- Opening Delimiter -

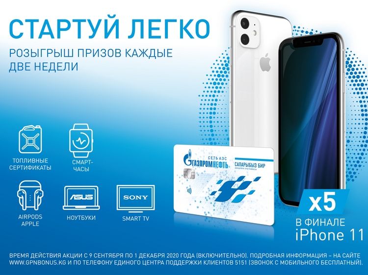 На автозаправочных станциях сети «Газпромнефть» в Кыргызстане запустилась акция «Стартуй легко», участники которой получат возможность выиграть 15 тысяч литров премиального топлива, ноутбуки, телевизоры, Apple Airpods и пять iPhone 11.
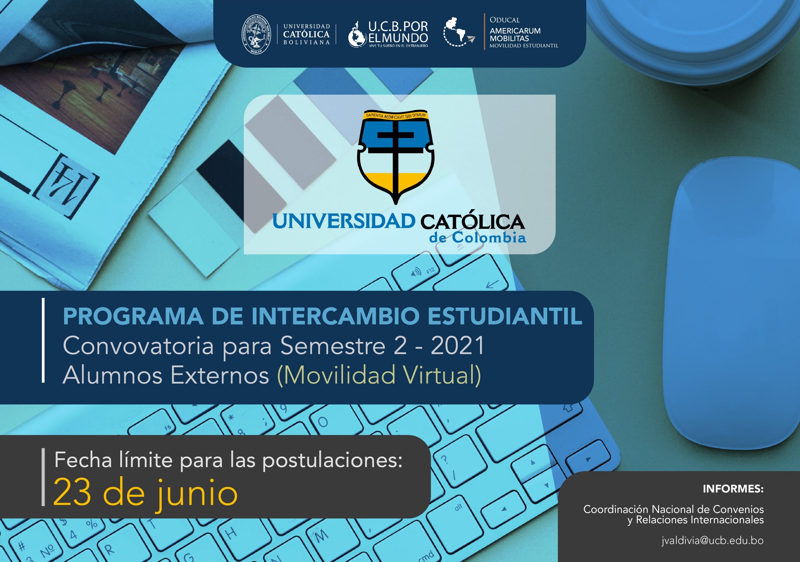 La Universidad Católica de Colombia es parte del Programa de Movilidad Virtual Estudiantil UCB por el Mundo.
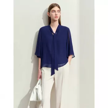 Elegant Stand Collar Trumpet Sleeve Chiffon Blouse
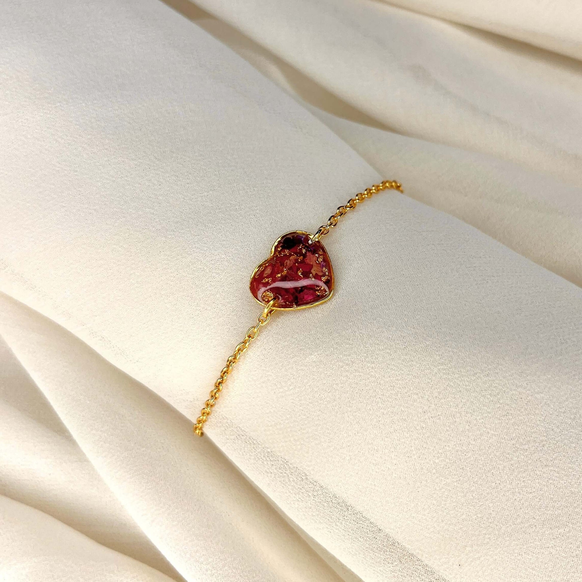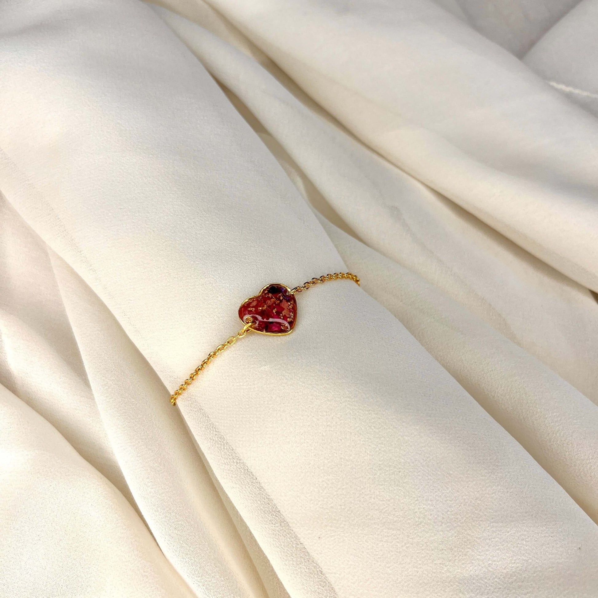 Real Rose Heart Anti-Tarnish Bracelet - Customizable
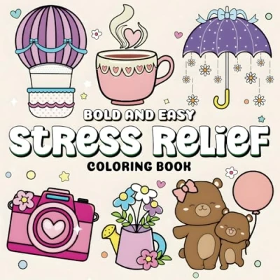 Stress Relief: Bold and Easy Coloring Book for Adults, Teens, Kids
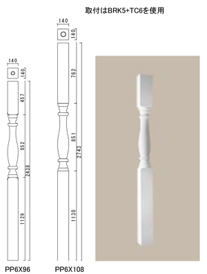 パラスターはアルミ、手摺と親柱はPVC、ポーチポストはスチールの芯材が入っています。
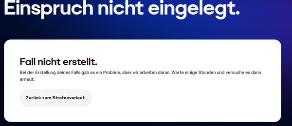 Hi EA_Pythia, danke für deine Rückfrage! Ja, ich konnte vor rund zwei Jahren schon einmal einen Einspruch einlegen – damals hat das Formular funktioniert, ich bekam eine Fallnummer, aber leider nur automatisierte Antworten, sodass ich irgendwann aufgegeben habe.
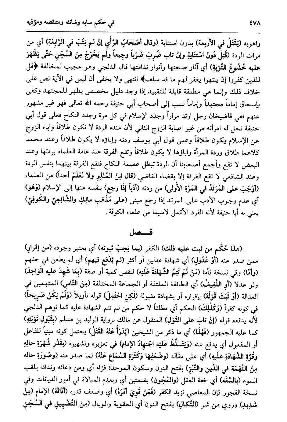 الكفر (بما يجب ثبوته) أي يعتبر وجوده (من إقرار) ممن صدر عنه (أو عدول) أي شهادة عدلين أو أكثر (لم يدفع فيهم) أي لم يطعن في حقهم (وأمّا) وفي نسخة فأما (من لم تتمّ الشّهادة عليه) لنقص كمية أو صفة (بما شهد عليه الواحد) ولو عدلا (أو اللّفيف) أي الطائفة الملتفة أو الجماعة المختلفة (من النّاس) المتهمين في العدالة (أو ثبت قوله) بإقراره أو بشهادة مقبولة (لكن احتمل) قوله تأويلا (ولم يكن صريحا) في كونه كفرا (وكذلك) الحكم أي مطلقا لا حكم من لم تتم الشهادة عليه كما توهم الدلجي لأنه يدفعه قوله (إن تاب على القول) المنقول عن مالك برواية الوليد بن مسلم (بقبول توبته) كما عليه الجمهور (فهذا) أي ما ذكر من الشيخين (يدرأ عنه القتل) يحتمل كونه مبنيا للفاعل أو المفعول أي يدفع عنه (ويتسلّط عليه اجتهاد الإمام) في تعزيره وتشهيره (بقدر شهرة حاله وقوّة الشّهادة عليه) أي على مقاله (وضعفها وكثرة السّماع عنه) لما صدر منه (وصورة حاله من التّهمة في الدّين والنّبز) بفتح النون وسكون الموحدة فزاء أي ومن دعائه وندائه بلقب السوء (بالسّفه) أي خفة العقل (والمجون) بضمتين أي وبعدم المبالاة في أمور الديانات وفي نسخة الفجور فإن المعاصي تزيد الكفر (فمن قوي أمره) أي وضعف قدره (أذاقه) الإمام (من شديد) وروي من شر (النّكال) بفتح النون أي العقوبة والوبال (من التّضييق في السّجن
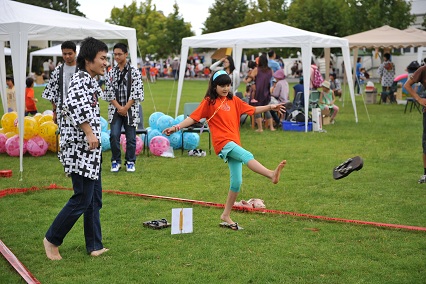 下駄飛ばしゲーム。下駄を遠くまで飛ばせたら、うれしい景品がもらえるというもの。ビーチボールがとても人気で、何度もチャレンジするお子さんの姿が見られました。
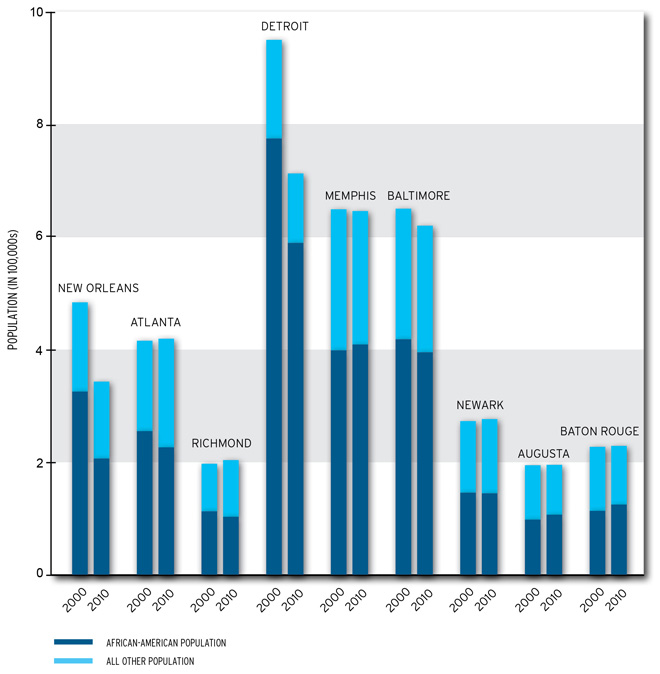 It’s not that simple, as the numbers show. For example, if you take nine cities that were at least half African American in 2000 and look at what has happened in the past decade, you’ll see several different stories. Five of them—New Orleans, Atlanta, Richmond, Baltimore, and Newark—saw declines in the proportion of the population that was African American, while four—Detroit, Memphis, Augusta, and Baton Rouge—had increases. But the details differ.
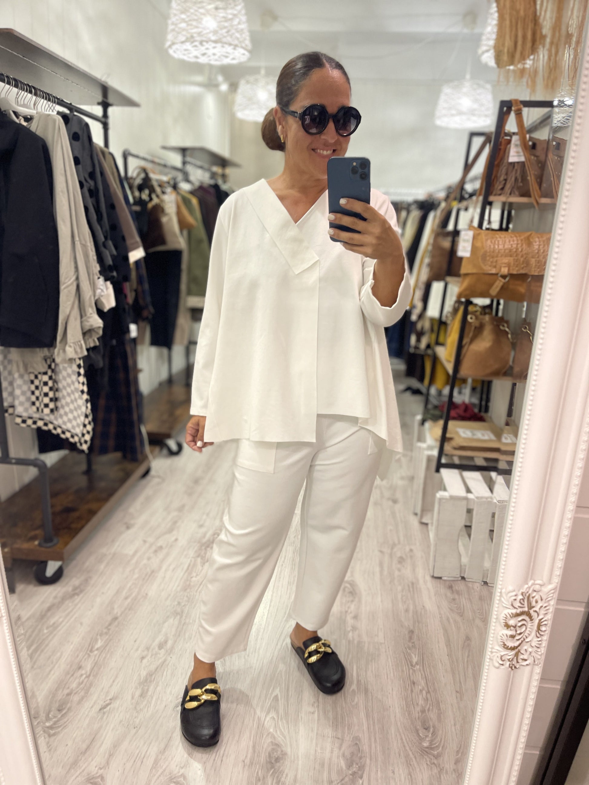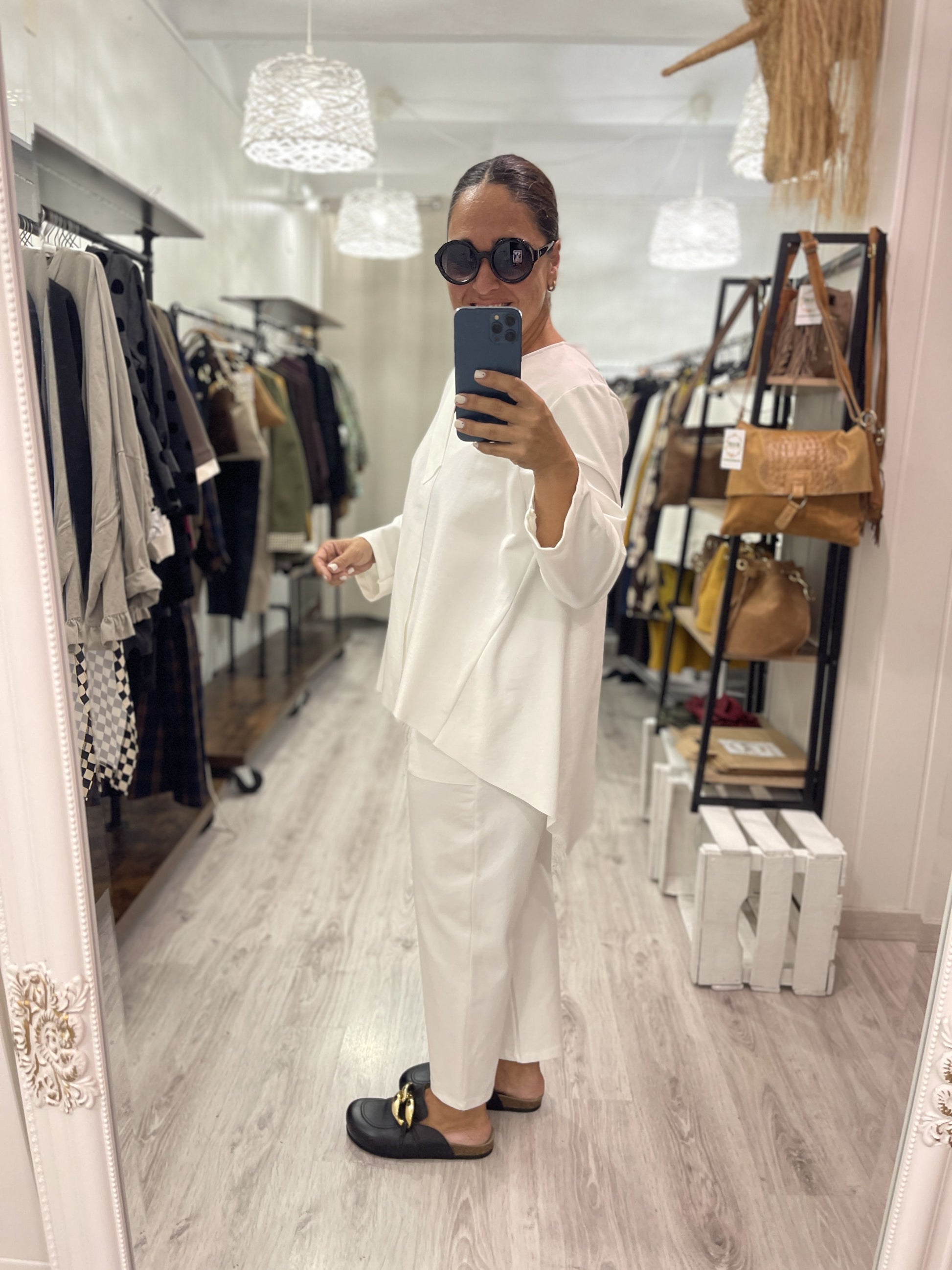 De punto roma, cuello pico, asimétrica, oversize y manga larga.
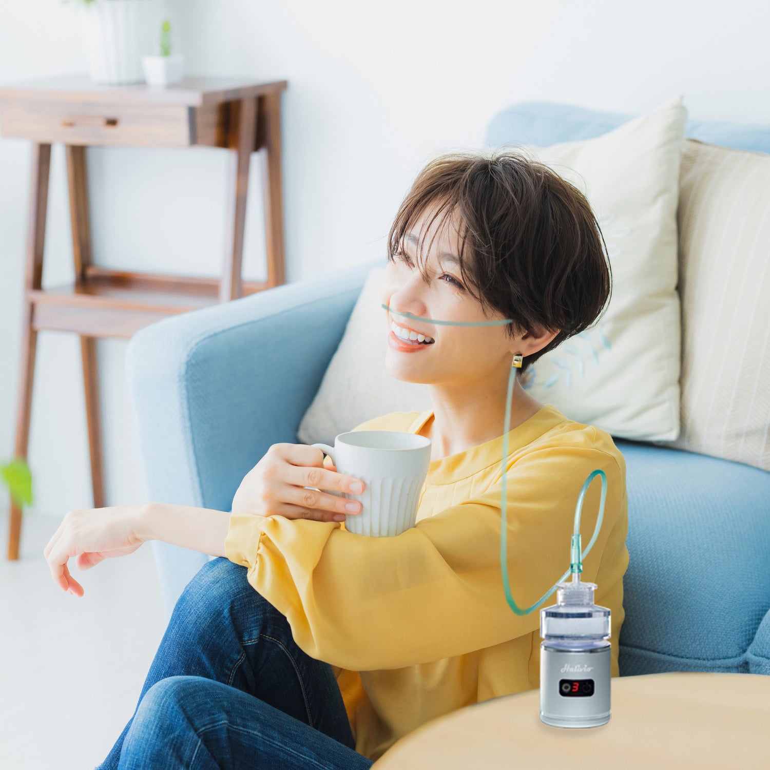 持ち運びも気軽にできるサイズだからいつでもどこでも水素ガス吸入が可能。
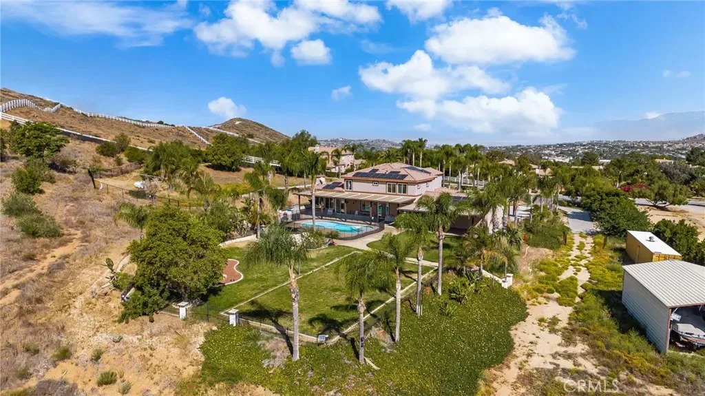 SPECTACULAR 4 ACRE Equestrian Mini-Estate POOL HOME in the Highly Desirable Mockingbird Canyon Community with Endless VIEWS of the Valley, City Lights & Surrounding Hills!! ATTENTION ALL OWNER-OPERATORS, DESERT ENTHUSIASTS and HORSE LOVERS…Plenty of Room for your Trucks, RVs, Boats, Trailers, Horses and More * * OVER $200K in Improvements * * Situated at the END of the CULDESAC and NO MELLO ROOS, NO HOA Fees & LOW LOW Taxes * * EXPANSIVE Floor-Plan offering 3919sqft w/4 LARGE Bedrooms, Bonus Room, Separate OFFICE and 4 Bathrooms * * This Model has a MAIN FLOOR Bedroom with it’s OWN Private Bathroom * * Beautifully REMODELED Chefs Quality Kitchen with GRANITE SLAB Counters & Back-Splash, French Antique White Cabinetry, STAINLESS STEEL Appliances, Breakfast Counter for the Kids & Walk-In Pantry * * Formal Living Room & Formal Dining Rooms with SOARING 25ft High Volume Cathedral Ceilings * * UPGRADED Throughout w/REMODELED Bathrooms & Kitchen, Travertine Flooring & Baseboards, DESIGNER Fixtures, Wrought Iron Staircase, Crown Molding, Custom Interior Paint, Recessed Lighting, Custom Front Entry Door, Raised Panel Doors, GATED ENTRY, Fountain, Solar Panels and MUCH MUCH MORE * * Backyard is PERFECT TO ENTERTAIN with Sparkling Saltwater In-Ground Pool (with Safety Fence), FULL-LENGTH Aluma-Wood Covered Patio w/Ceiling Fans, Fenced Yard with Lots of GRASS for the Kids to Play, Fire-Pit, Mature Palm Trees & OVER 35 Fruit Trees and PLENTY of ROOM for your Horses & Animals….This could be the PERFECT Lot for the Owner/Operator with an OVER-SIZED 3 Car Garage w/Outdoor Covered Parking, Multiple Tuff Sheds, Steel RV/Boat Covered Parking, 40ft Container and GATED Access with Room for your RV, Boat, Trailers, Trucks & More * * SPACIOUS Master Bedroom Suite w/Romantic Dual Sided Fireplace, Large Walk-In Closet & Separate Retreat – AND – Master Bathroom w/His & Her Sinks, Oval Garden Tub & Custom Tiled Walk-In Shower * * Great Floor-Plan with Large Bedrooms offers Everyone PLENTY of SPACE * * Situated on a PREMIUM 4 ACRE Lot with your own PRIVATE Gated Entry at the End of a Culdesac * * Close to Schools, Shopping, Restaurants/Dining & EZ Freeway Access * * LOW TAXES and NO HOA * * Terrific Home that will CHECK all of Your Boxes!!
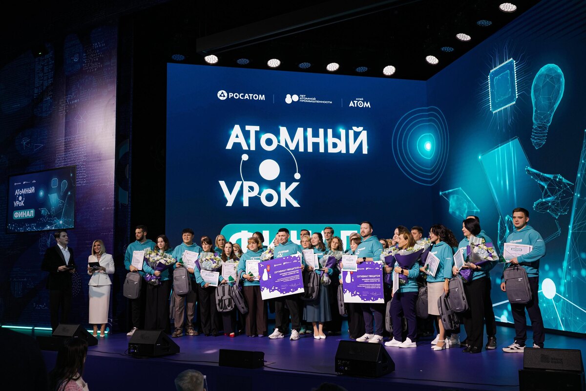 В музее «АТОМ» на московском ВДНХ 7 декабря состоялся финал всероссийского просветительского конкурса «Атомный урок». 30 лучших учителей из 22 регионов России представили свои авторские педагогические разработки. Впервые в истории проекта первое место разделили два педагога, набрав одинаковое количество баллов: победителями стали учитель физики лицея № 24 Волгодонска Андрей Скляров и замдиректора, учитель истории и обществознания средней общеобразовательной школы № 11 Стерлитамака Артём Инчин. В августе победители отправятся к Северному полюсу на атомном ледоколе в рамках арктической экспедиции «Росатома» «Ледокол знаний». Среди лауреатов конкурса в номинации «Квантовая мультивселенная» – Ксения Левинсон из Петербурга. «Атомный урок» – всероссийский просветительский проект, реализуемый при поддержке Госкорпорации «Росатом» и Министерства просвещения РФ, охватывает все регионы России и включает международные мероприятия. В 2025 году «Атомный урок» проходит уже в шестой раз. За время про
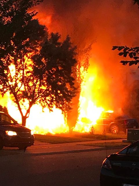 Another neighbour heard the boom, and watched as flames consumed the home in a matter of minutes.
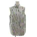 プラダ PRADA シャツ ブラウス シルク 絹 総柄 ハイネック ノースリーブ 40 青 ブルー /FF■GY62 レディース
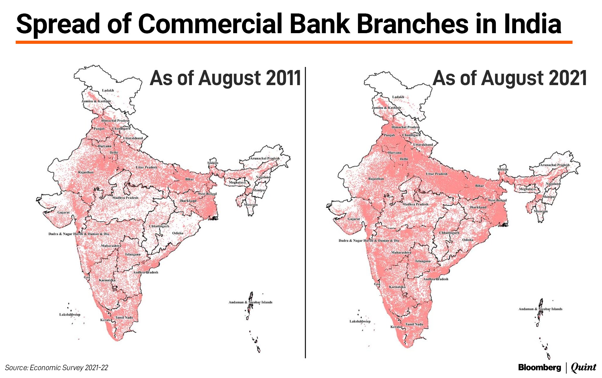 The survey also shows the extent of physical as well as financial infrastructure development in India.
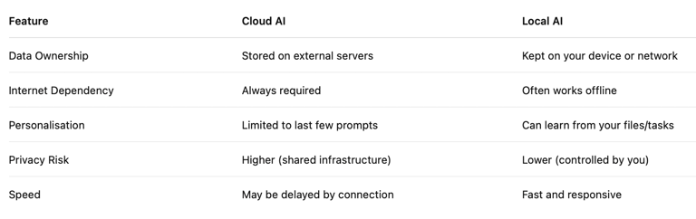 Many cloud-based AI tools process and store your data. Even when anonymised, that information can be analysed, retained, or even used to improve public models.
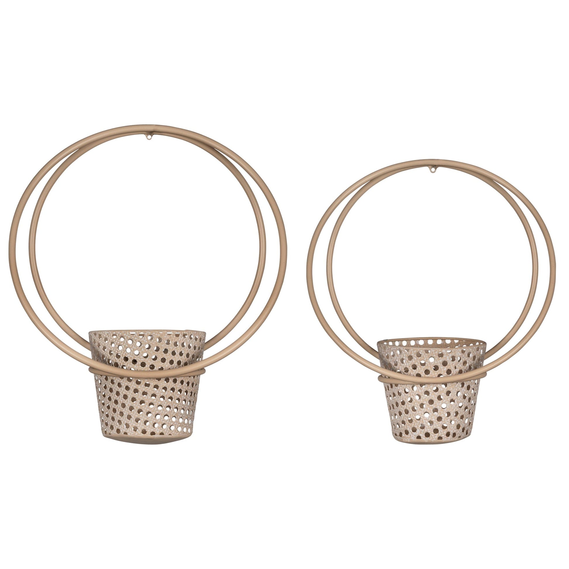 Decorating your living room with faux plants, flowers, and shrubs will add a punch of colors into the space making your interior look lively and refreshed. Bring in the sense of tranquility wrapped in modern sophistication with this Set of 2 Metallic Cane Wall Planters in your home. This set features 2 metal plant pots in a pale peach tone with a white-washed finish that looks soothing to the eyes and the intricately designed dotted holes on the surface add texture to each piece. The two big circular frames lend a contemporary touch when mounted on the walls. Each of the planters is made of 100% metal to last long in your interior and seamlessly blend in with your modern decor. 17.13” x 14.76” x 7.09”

- Closing Delimiter -

## [Task instructions]
Take only the lines above from the one that has "Elegant Stand Collar" through the one that has "Hi EA_Pythia, danke" and reproduce them exactly, omitting any pictures.

## [Your response]
 Elegant Stand Collar Trumpet Sleeve Chiffon Blouse
 Real Rose Heart Anti-Tarnish Bracelet - Customizable
 Stress Relief: Bold and Easy Coloring Book for Adults, Teens, Kids
 パラスターはアルミ、手摺と親柱はPVC、ポーチポストはスチールの芯材が入っています。
 Hi EA_Pythia, danke für deine Rückfrage! Ja, ich konnte vor rund zwei Jahren schon einmal einen Einspruch einlegen – damals hat das Formular funktioniert, ich bekam eine Fallnummer, aber leider nur automatisierte Antworten, sodass ich irgendwann aufgegeben habe.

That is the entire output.